## WORK ITEM
Of all the entries below, retype only the lines from the one with "ALI2316 Moutarde Verte à l'estragon 25g" through the one with "Ponadto, Aluthermo® QUATTRO", exactly as they appear.

## STUDY MATERIAL
....

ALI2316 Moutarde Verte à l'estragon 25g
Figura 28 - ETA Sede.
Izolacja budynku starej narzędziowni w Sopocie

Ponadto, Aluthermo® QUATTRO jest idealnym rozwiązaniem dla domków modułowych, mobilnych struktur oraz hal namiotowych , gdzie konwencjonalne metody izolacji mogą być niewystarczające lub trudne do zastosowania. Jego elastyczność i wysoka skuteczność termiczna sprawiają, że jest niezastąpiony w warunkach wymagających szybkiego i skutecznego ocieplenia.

....

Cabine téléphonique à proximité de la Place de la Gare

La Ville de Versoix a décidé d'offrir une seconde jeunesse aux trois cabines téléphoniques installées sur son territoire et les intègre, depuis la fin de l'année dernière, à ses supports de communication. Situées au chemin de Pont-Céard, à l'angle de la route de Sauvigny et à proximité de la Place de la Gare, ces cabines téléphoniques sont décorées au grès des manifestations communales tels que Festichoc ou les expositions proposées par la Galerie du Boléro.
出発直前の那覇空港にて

....

## ANSWER
ALI2316 Moutarde Verte à l'estragon 25g
Figura 28 - ETA Sede.
Izolacja budynku starej narzędziowni w Sopocie

Ponadto, Aluthermo® QUATTRO jest idealnym rozwiązaniem dla domków modułowych, mobilnych struktur oraz hal namiotowych , gdzie konwencjonalne metody izolacji mogą być niewystarczające lub trudne do zastosowania. Jego elastyczność i wysoka skuteczność termiczna sprawiają, że jest niezastąpiony w warunkach wymagających szybkiego i skutecznego ocieplenia.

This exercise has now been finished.